First post from me and not one I thought I’d ever have to make. My wife is about to separate from our relationship after 6 years of marriage (15 years being together in total). Basically we’ve been through a very traumatic termination of a 4th pregnancy together recently and its heavily damaged our relationship to the point she feels she needs to leave to get space for herself to heal.
I’m very supportive of this and we are working very amicably at the moment both in honour of our relationship and children. I’m not sure whether we will move to divorce and have agreed to give it time.
I’m worried at the moment about the next days and weeks and whether people can share their experiences and advice on how to emotionally cope with the split. Looking for practical advice, not on how to get back together, but the simple things like what types of activities you do with your kids (ages 7, 5, 2) in the immediate term when they come to visit.
Sorry to hear about your situation. Any separation is hard and emotionally challenging whatever the final outcome. Emotionally it seems to be a complete rollercoaster but I find dealing with it hour by hour, day by day sometimes is the only way forward.

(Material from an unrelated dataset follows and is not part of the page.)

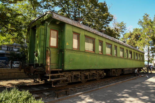 de begane grond. Stalins vader, Vissarion Jughashvili, een plaatselijke schoenmaker, huurde de linkerkamer van het gebouw. Stalins treinwagon een groen

As for doing things with the children as long as they have your time and attention when they are with you that’s all they need. On a practical note play centres are worth their weight in gold, although can work out a little pricey! We love outings to local museums which are free and often have free workshops on for little ones, or simply taking a picnic to the local park or castle or kicking about on the beach with a football. Other days are duvet days cwtched up in front of the TV watching a film with some popcorn.
I hope things work out for you and always here for a chat.